Using the K-Means clustering algorithm

# 标准化特征
scaler = StandardScaler() 
features_std = scaler.fit_transform(iris_features) 

# 创建 K-Means 对象 
cluster = KMeans(n_clusters=3, random_state=0) 

model = cluster.fit(features_std) 
# 查看预测分类
model.labels_ 
array([1, 1, 1, 1, 1, 1, 1, 1, 1, 1, 1, 1, 1, 1, 1, 1, 1, 1, 1, 1, 1, 1,
       1, 1, 1, 1, 1, 1, 1, 1, 1, 1, 1, 1, 1, 1, 1, 1, 1, 1, 1, 1, 1, 1,
       1, 1, 1, 1, 1, 1, 2, 2, 2, 0, 0, 0, 2, 0, 0, 0, 0, 0, 0, 0, 0, 2,
       0, 0, 0, 0, 2, 0, 0, 0, 0, 2, 2, 2, 0, 0, 0, 0, 0, 0, 0, 2, 2, 0,
       0, 0, 0, 0, 0, 0, 0, 0, 0, 0, 0, 0, 2, 0, 2, 2, 2, 2, 0, 2, 2, 2,
       2, 2, 2, 0, 0, 2, 2, 2, 2, 0, 2, 0, 2, 0, 2, 2, 0, 2, 2, 2, 2, 2,
       2, 0, 0, 2, 2, 2, 0, 2, 2, 2, 0, 2, 2, 2, 0, 2, 2, 0], dtype=int32)
# 真实分类
iris.target 
array([0, 0, 0, 0, 0, 0, 0, 0, 0, 0, 0, 0, 0, 0, 0, 0, 0, 0, 0, 0, 0, 0,
       0, 0, 0, 0, 0, 0, 0, 0, 0, 0, 0, 0, 0, 0, 0, 0, 0, 0, 0, 0, 0, 0,
       0, 0, 0, 0, 0, 0, 1, 1, 1, 1, 1, 1, 1, 1, 1, 1, 1, 1, 1, 1, 1, 1,
       1, 1, 1, 1, 1, 1, 1, 1, 1, 1, 1, 1, 1, 1, 1, 1, 1, 1, 1, 1, 1, 1,
       1, 1, 1, 1, 1, 1, 1, 1, 1, 1, 1, 1, 2, 2, 2, 2, 2, 2, 2, 2, 2, 2,
       2, 2, 2, 2, 2, 2, 2, 2, 2, 2, 2, 2, 2, 2, 2, 2, 2, 2, 2, 2, 2, 2,
       2, 2, 2, 2, 2, 2, 2, 2, 2, 2, 2, 2, 2, 2, 2, 2, 2, 2])

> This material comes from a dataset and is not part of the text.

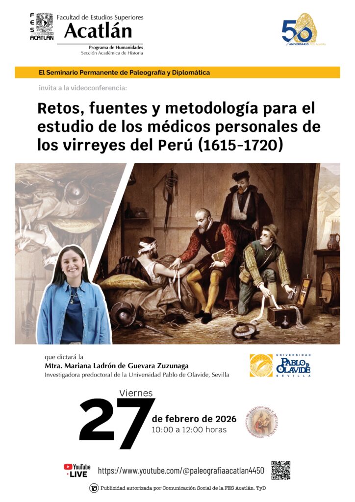 El grupo PAIDI HUM 680 les invita al Seminario Permanente de Paleografía y Diplomática de la Facultad de Estudios Superiores Acatlán, que contará con la videoconferencia titulada «Retos, fuentes y metodología para el estudio de los médicos personales de los virreyes del Perú (1615-1720)», impartida por nuestra miembro Mariana Ladrón […]

new_ob = [[0.8, 0.8, 0.8, 0.8]]
model.predict(new_ob) 

array([2], dtype=int32)
# 查看分类的中心点
model.cluster_centers_  
array([[-0.05021989, -0.88337647,  0.34773781,  0.2815273 ],
       [-1.01457897,  0.85326268, -1.30498732, -1.25489349],
       [ 1.13597027,  0.08842168,  0.99615451,  1.01752612]])

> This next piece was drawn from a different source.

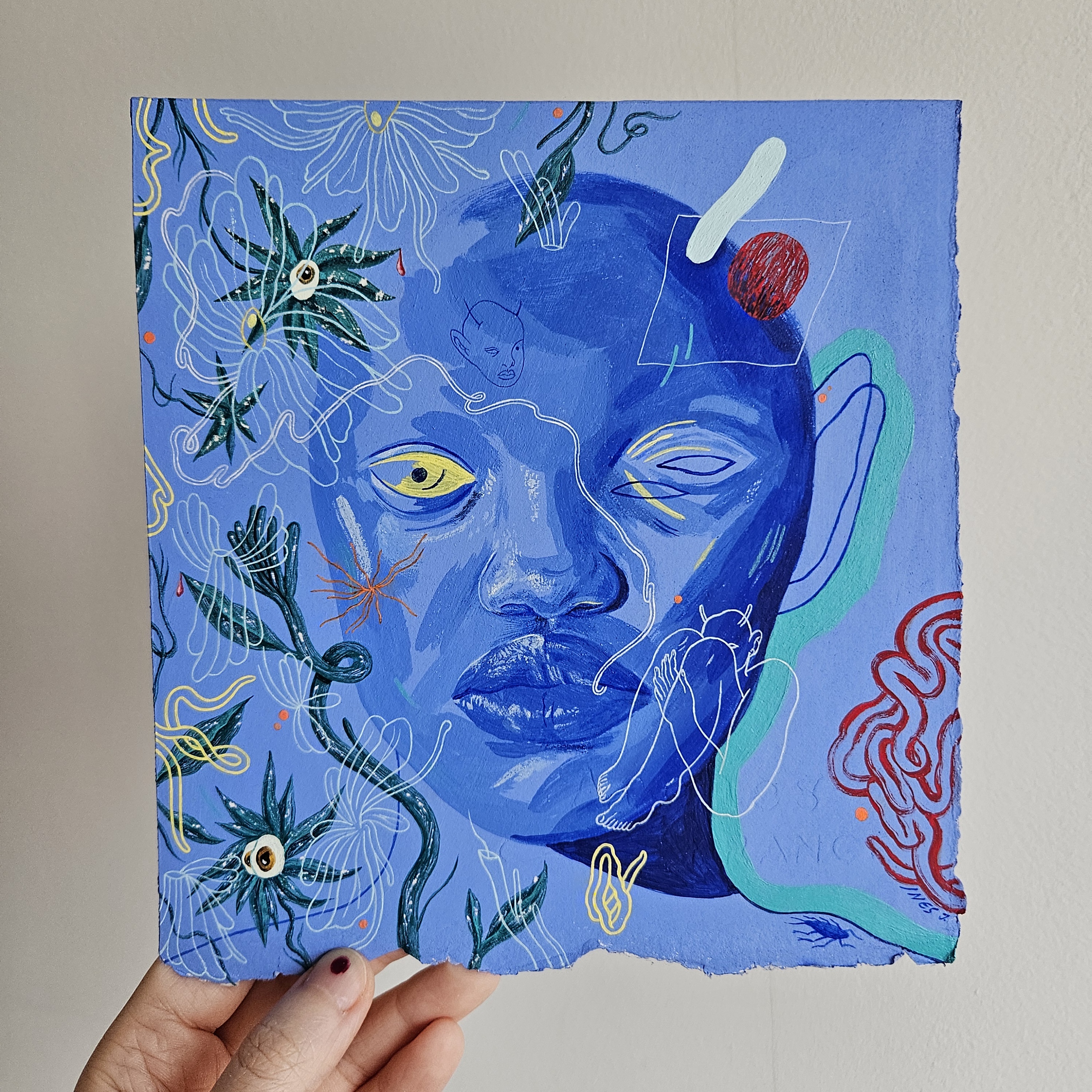 Original painting done with acrylic and acrylic gouache on 640 gsm cotton paper.

Accelerated K-Means Clustering MiniBatchKMeans

batch_size controls the number of randomly selected observations in each batch; the more observations in a batch, the more computationally expensive training will be.

from sklearn.cluster import MiniBatchKMeans 
cluster = MiniBatchKMeans(n_clusters=3, random_state=0, batch_size=100)
model.fit(features_std) 
KMeans(n_clusters=3, random_state=0)
model = cluster.fit(features_std) 

Use the Meanshift clustering algorithm

Limitations of KMeans: You need to set the number K of clusters and assume the shape of the clusters; Meanshift has no such limitations.

Meanshift parameter

  • bandwidth

Discard orphaned values ​​cluster_all = False

from sklearn.cluster import MeanShift 
cluster = MeanShift(n_jobs=-1)
model = cluster.fit(features_std) 


Using the DBSCAN clustering algorithm

The main parameters

  • eps : the furthest distance from one observation to another; beyond this distance the two are no longer considered neighbors;
  • min_samples : the minimum number of neighbors;
  • metric : distance metric;
from sklearn.cluster import DBSCAN

cluster = DBSCAN(n_jobs=-1) 
model = cluster.fit(features_std) 
model.labels_ 
array([ 0,  0,  0,  0,  0,  0,  0,  0,  0,  0,  0,  0,  0,  0, -1, -1,  0,
        0,  0,  0,  0,  0,  0,  0,  0,  0,  0,  0,  0,  0,  0,  0, -1, -1,
        0,  0,  0,  0,  0,  0,  0, -1,  0,  0,  0,  0,  0,  0,  0,  0,  1,
        1,  1,  1,  1,  1, -1, -1,  1, -1, -1,  1, -1,  1,  1,  1,  1,  1,
       -1,  1,  1,  1, -1,  1,  1,  1,  1,  1,  1,  1,  1,  1,  1,  1,  1,
       -1,  1, -1,  1,  1,  1,  1,  1, -1,  1,  1,  1,  1, -1,  1, -1,  1,
        1,  1,  1, -1, -1, -1, -1, -1,  1,  1,  1,  1, -1,  1,  1, -1, -1,
       -1,  1,  1, -1,  1,  1, -1,  1,  1,  1, -1, -1, -1,  1,  1,  1, -1,
       -1,  1,  1,  1,  1,  1,  1,  1,  1,  1,  1,  1, -1,  1])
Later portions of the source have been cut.